== Problem requirements ==
Transcribe the line holding "據(jù)臺(tái)灣TV" together with every line after it, through the end of the records, exactly and with no pictures.

Top of Excerpted records

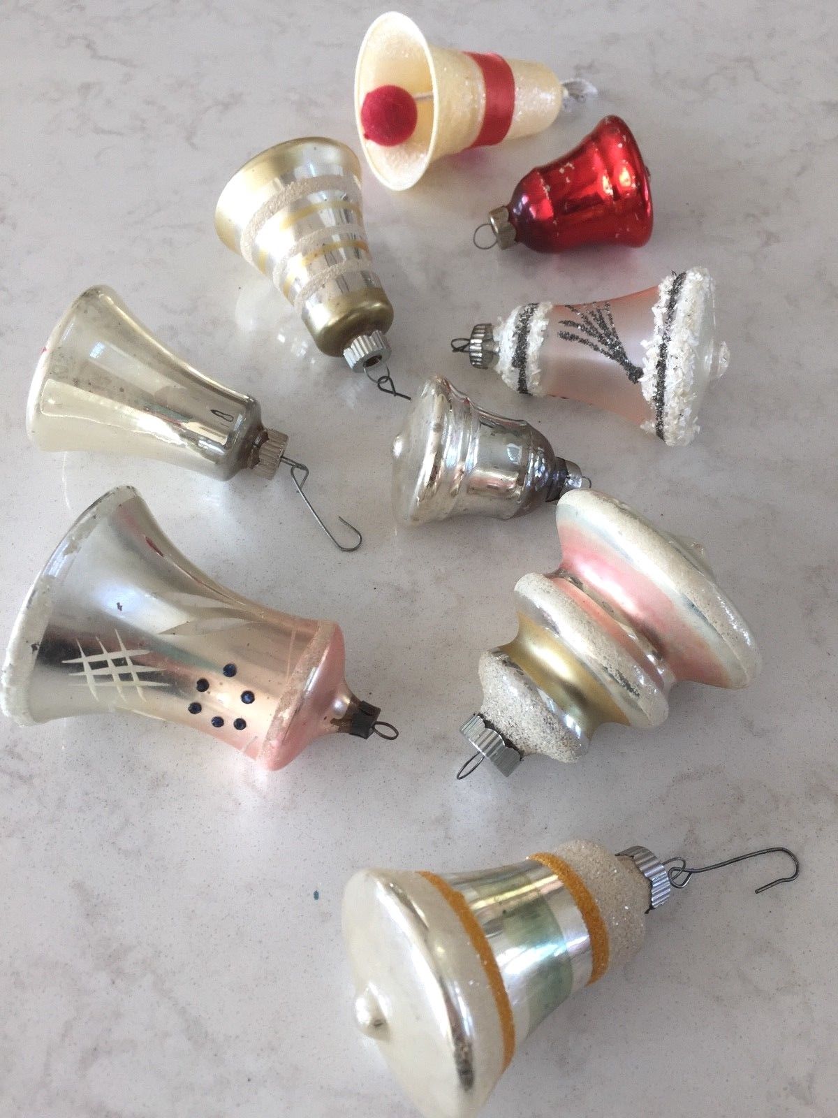 Title (ebay affiliate link): 9 Antique Vintage GLASS CHRISTMAS BELLS of ALL DESIGNS, CLAPPERS, SHINY BRITE !
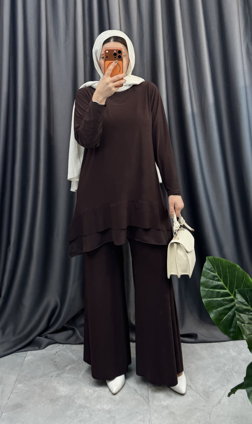 Şıklığı ve rahatlığı bir araya getiren volan detaylı ikili takım, modern ve zarif duruşu ile gardırobunuzun vazgeçilmezi olacak. Günlük kullanımdan özel davetlere kadar geniş bir kullanım alanı sunan bu takım, dökümlü yapısı ve ispanyol paça pantolonu ile her bedende kusursuz bir siluet oluşturur.
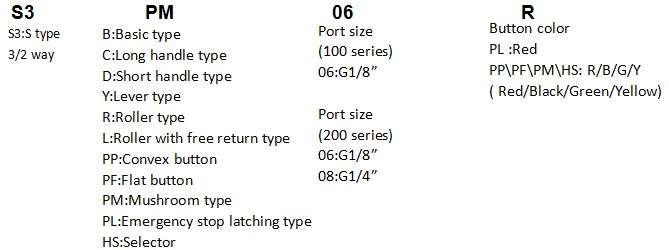 S3 series Red Green Yellow Black Mushroom Pushbutton Mechanical Operated Valve
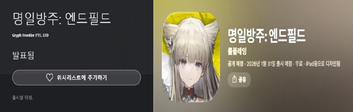 지난 11일까지 '명일방주: 엔드필드'의 출시일은 애플 앱스토어 기준 2026년 1월 31일, PS스토어는 출시일 미정으로 기재되어 있었기에 게이머들은 2026년 출시라는 정보만 알 수 있었다.
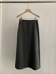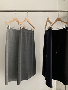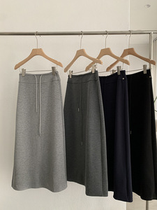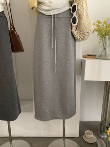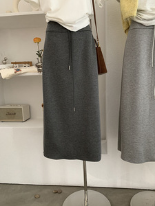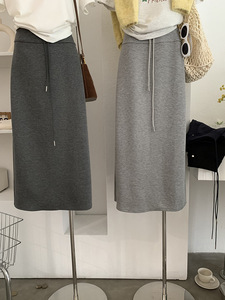 欧玛莱 高腰A字中长裙显瘦直筒抽绳后开叉卫裙早秋新款半身裙4346
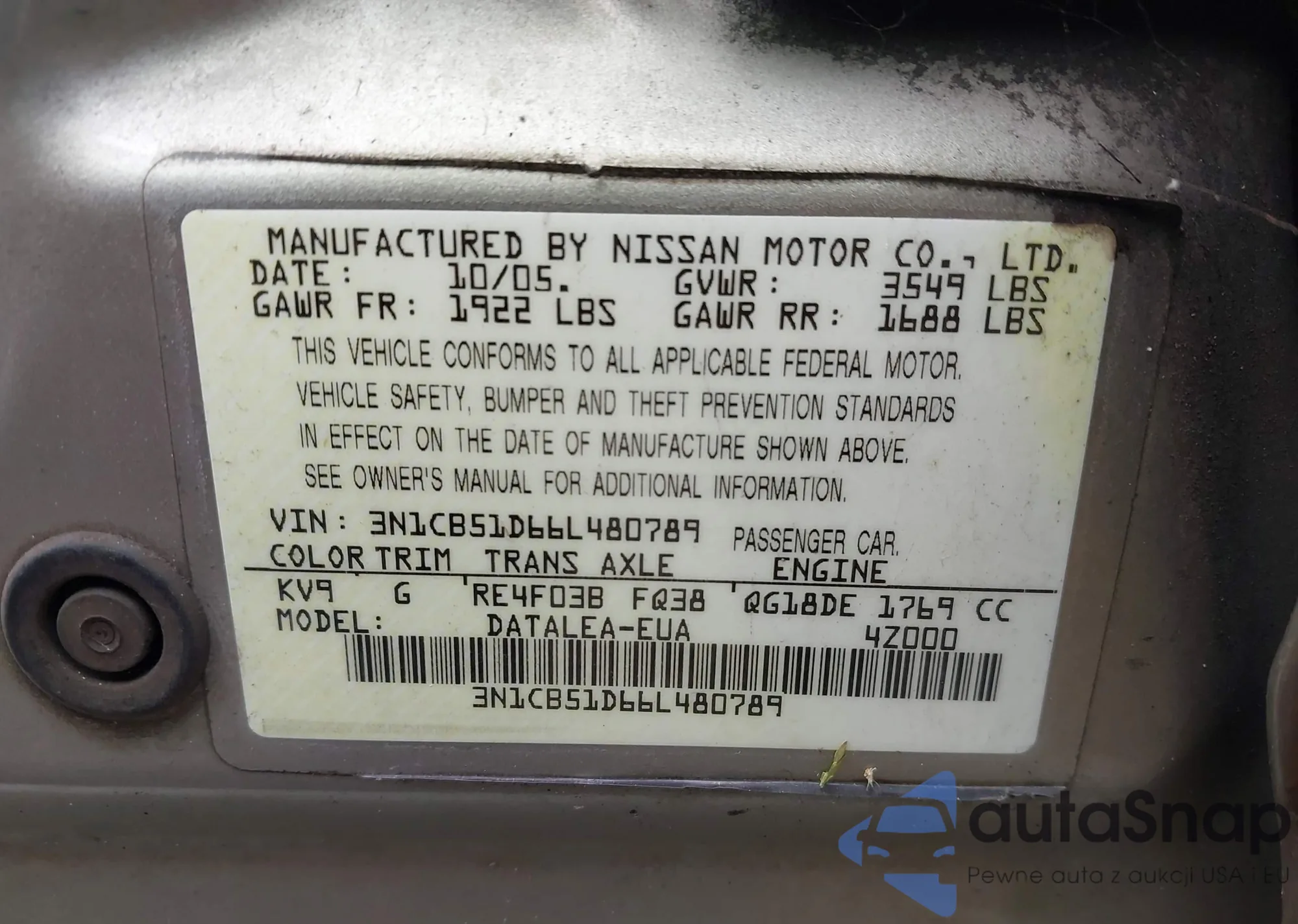 VIN: 3N1CB51D66L480789
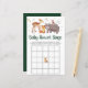 Sweet winter baby Dusche Bingo Spiel mit niedlichen Aquarellbildern von Waldtieren, Blumen, Grünpflanzen und goldenen Sternen und Schneeflocken und "Baby Shower Bingo" in einer waldgrünen Schrift.
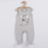 Pajac krasi kontrastni rob in velik motiv miške, jopica je enobarvna in se zapira po vsej dolžini. Kakovostna izdelava ustreza standardu češke znamke New Baby, kolekcija Mouse pa prepriča s čistim, brezčasnim dizajnom v nevtralni sivi barvi.
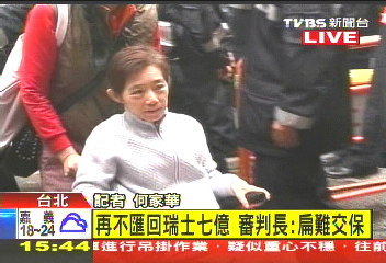 據(jù)臺(tái)灣TVBS報(bào)道,6月11日扁案就要二審宣判,今天再度開(kāi)庭時(shí)傳喚陳水扁、吳淑珍、陳致中、黃睿靚等4人。法庭上,審判長(zhǎng)當(dāng)著扁家4個(gè)人的面表示,要他們盡速將瑞士4個(gè)賬戶(hù),將近7億新臺(tái)幣的錢(qián)匯回臺(tái)灣,否則月底(4月23日)陳水扁即將羈押期滿(mǎn),屆時(shí)想要交保,重獲自由機(jī)率等于是零。
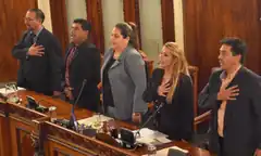 ![]() Áñez is sworn in at an extraordinary session of the Legislative Assembly, 12 November 2019. | |
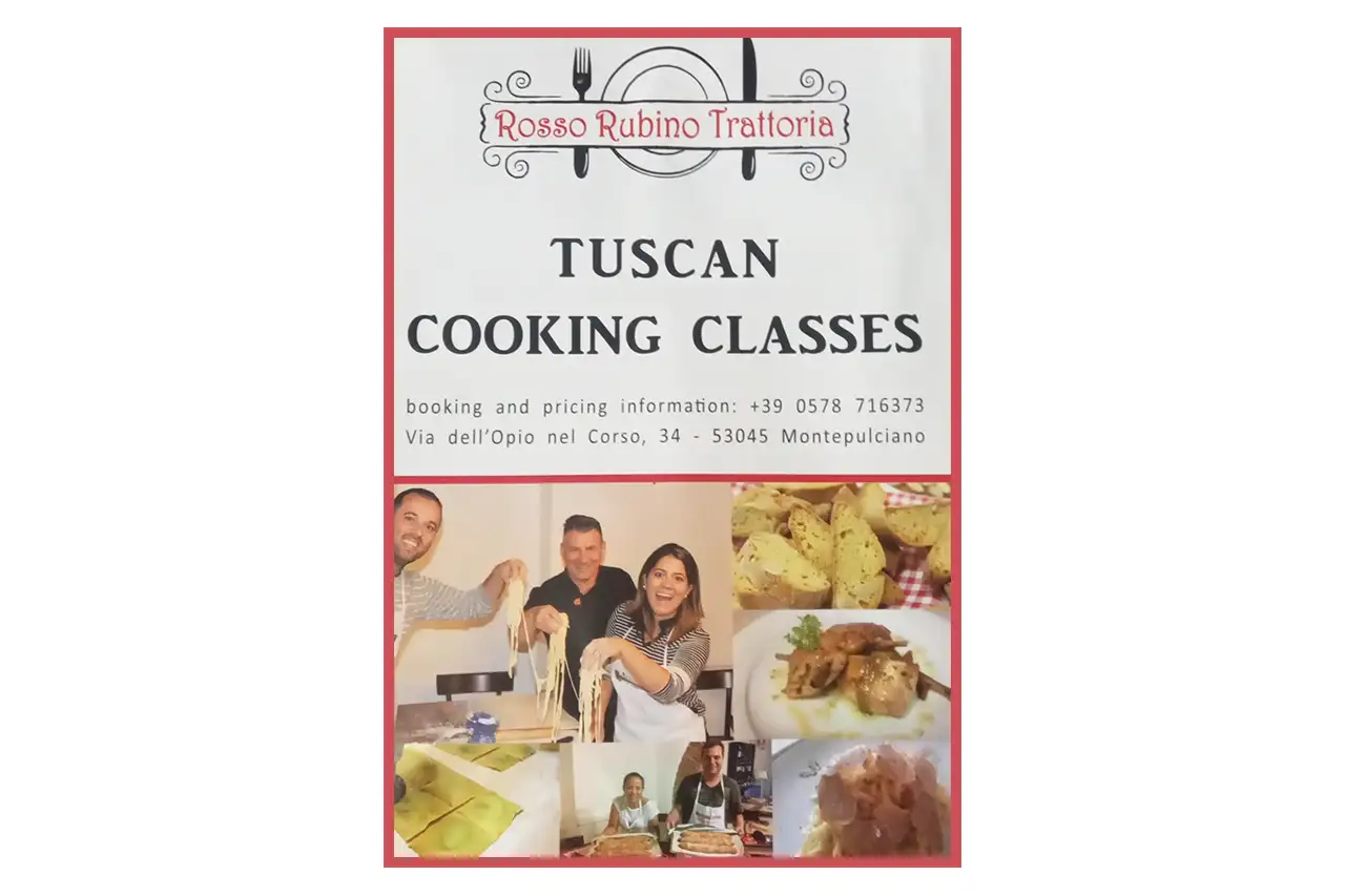 In collaborazione con i nostri amici della Trattoria Rosso Rubino di Montepulciano, scopri i sapori autentici della tradizione toscana con un corso pratico e coinvolgente. Imparerai a preparare piatti tipici come la pasta fatta in casa, utilizzando ingredienti locali e stagionali. Un’occasione per vivere un’esperienza conviviale, approfondire la cultura culinaria della nostra regione e portare a casa nuove ricette da condividere con famiglia e amici.
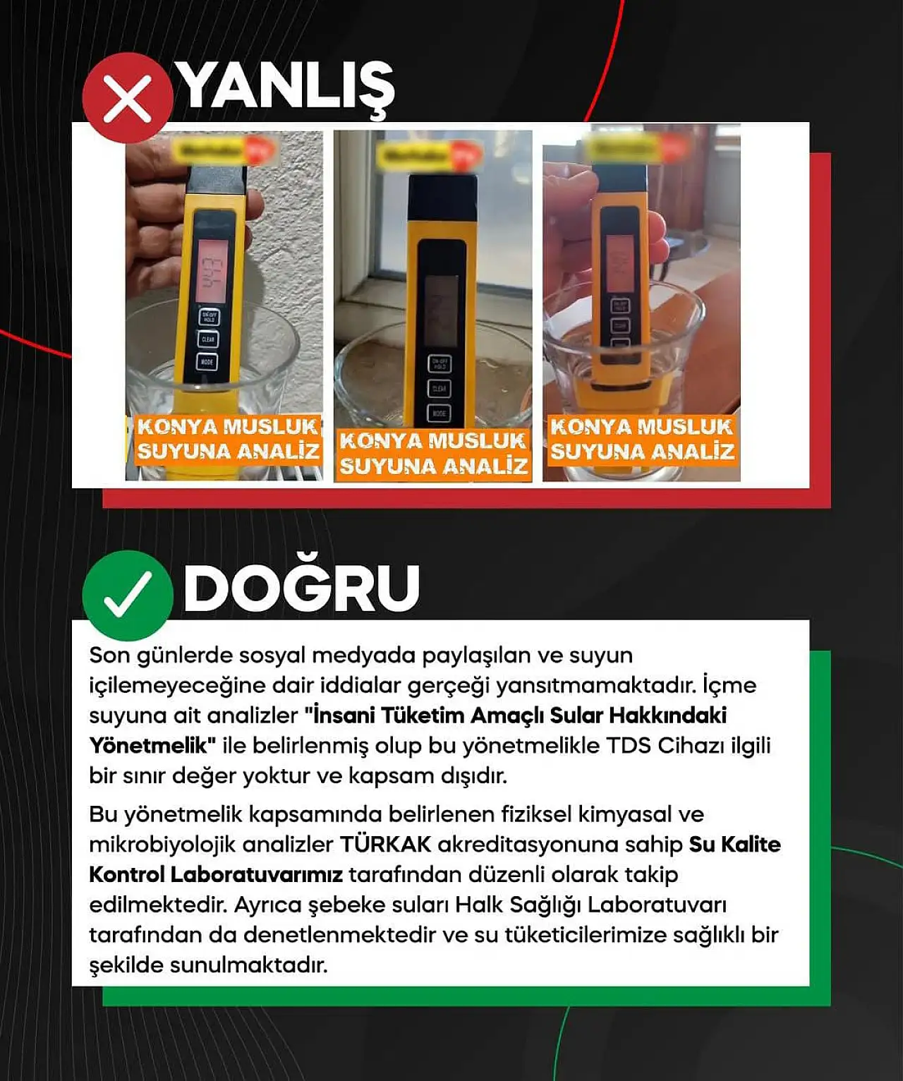 Yetkililer, Konya genelinde şebekeye verilen suyun mevzuata uygun, güvenli ve sağlıklı olduğunu vurgulayarak, vatandaşların sosyal medyada yer alan doğruluğu teyit edilmemiş paylaşımlar yerine resmi kurumların açıklamalarını dikkate almaları çağrısında bulundu. Açıklamada, kamuoyunu yanıltıcı bilgilerin endişeye yol açmaması için doğru bilginin resmi kanallardan takip edilmesinin önemine dikkat çekildi.

Bottom of Excerpted records

== Your solution ==
 據(jù)臺(tái)灣TVBS報(bào)道,6月11日扁案就要二審宣判,今天再度開(kāi)庭時(shí)傳喚陳水扁、吳淑珍、陳致中、黃睿靚等4人。法庭上,審判長(zhǎng)當(dāng)著扁家4個(gè)人的面表示,要他們盡速將瑞士4個(gè)賬戶(hù),將近7億新臺(tái)幣的錢(qián)匯回臺(tái)灣,否則月底(4月23日)陳水扁即將羈押期滿(mǎn),屆時(shí)想要交保,重獲自由機(jī)率等于是零。
 ![]() Áñez is sworn in at an extraordinary session of the Legislative Assembly, 12 November 2019. | |
 In collaborazione con i nostri amici della Trattoria Rosso Rubino di Montepulciano, scopri i sapori autentici della tradizione toscana con un corso pratico e coinvolgente. Imparerai a preparare piatti tipici come la pasta fatta in casa, utilizzando ingredienti locali e stagionali. Un’occasione per vivere un’esperienza conviviale, approfondire la cultura culinaria della nostra regione e portare a casa nuove ricette da condividere con famiglia e amici.
 Yetkililer, Konya genelinde şebekeye verilen suyun mevzuata uygun, güvenli ve sağlıklı olduğunu vurgulayarak, vatandaşların sosyal medyada yer alan doğruluğu teyit edilmemiş paylaşımlar yerine resmi kurumların açıklamalarını dikkate almaları çağrısında bulundu. Açıklamada, kamuoyunu yanıltıcı bilgilerin endişeye yol açmaması için doğru bilginin resmi kanallardan takip edilmesinin önemine dikkat çekildi.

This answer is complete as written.